Mr. McCarthy stressed that the report should not be read as stating that
no economic injury occurred. On the contrary, the defense shifts caused
significant hardship on a great many individuals. Nevertheless, the RAND
study concluded that the painful dislocation that was felt on an individual
level did not result in a severe economic dislocation in the aggregate.
C. Policy Papers
The Institute has prepared several research papers this year on federal
policy issues. These papers are disseminated to the congressional delegation,
the Advisory Board, and the media. Last summer the Institute prepared reports
on Medicaid formula changes, factors used in federal formula allocation
schemes, and natural disaster insurance. Several more papers on export
controls, federal research and development funding, and transportation issues
are planned in the near future.
Papers released to date this year include:
_ "California's Microelectronics Industries and Federal Technology
Policy" --
Prepared by the Institute's Economic Advisory Council the paper examines
the importance of the industry to California's economy and suggests several
changes to federal tax and trade laws that would ensure the industry's continued
growth.
_ "The National Governor's Association Medicaid Proposal: Overview
and California Implications" -- This paper analyzes the Medicaid proposal
proffered by the National Governor's Association and points out several
areas, including the proposed formula and the treatment of immigrants, that
would have a significant impact on the State.

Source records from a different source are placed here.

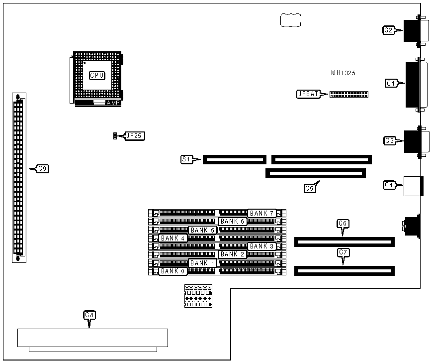 16-bit riser card slot, bus mouse port, floppy drive interface, LAN module, parallel port, SCSI module, serial port (2), VGA feature connector
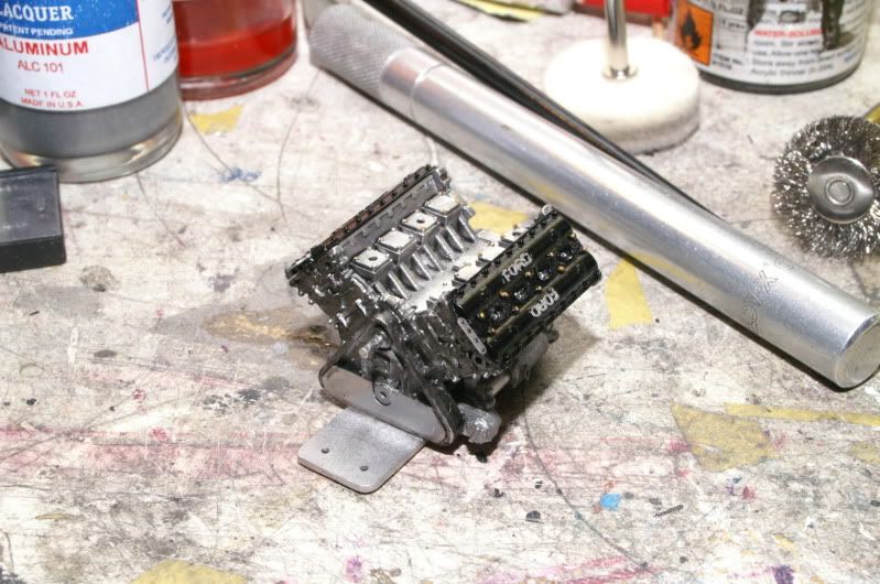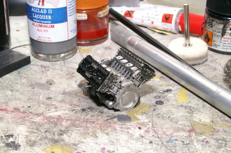 ![]() All parts have been cleaned and test fitted. I couldn't find any really big problems, just a bit of sanding and drilling and everything went toghter. ![]() ![]() Enigine and gearbox test fitted. ![]() The engine has been painted. The block was given a black wash and then a light polish to bring out some metal shine. After that the ends of the heads whear given a coat of dark steel grey. I really like how it came out, it might not be exact as the engine looks in real life but I like it and that's whats important. ![]() ![]() ![]()
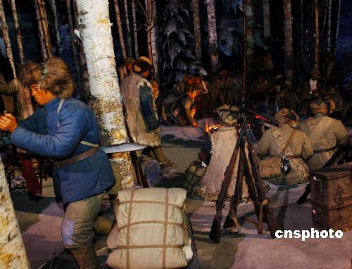 圖:東北抗日聯軍在深山老林艱苦抗戰的場景再現
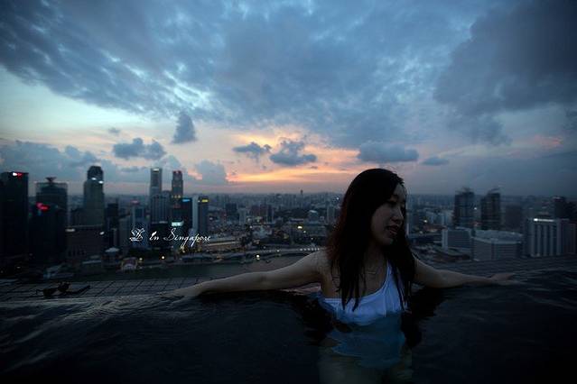 早上5点的闹钟,换衣洗漱化妆6点准时到达无边泳池,检查门卡的小哥也已兢兢业业地站在了那里,这时天还没亮,城市灯火还没灭,泳池已经有不少人了,没想到有人比我们更早,可见此泳池的魅力啊,大家都拿着手机、自拍杆拍照,还听见有个广东男人在池里打电话,说你们怎么还不上来啊,我五点半就泡着了。我心想无边泳池不是六点才开嘛,看来说是6点,其实不到6点就可以上来了。大家也都是蛮拼的。

_ "Usage of Poverty Data in Federal Formula Programs: California Implications"
-- This recently completed paper examines poverty data collected through
the census, and points out the adverse effect on California of using a single
national poverty threshold in determining poverty levels for funding purposes.
It also examines the impact of using poverty data from the outdated census
on the formula funds received by California.
D. California Capitol Hill Bulletins
Since late 1994, the Institute has prepared a weekly report of current
activity on Capitol Hill which directly impacts our state. The California
Capitol Hill Bulletin is published weekly during sessions of Congress, and
occasionally during other periods. Since the beginning of this year, Institute
staff has worked hard to increase the coverage and quality of the reporting.
Legislative Director Mary Beth Sullivan and Research Fellow Darby Morrisroe
deserve special credit for having "done more with less," and consistently
turning out quality products.
We view our California Capitol Hill Bulletin as an opportunity to discern,
translate and relay California's federal priorities within the California-Washington
community. The Institute welcomes suggestions for input. The Bulletin
is faxed to roughly 350 recipients, and more than 400 readers now receive
it by electronic mail.
E. Electronic Products
Late last fall, Sun Microsystems generously donated a high-powered Internet
server to the Institute, providing a wide range of future applications.
Initially, it has allowed greater and more immediate Internet access to
Institute staff, and serves as a platform for our recently-enhanced Internet
account. Soon, it will act as a host server for the California Institute-Economic
Advisory Council home page which is being developed by EAC consultant Joe
Nation. In addition to Institute reports and other written products, a
key feature of the home page will be a searchable database of California
economic and other data. In the future, the Sun server and the Institute-EAC
home page can be the basis for a variety of potential opportunities, such
as an interactive sounding board for discussion of California-federal issues
or, with further enhanced line speed, a touchpoint for video conferencing
and multimedia distribution of selected Washington activity.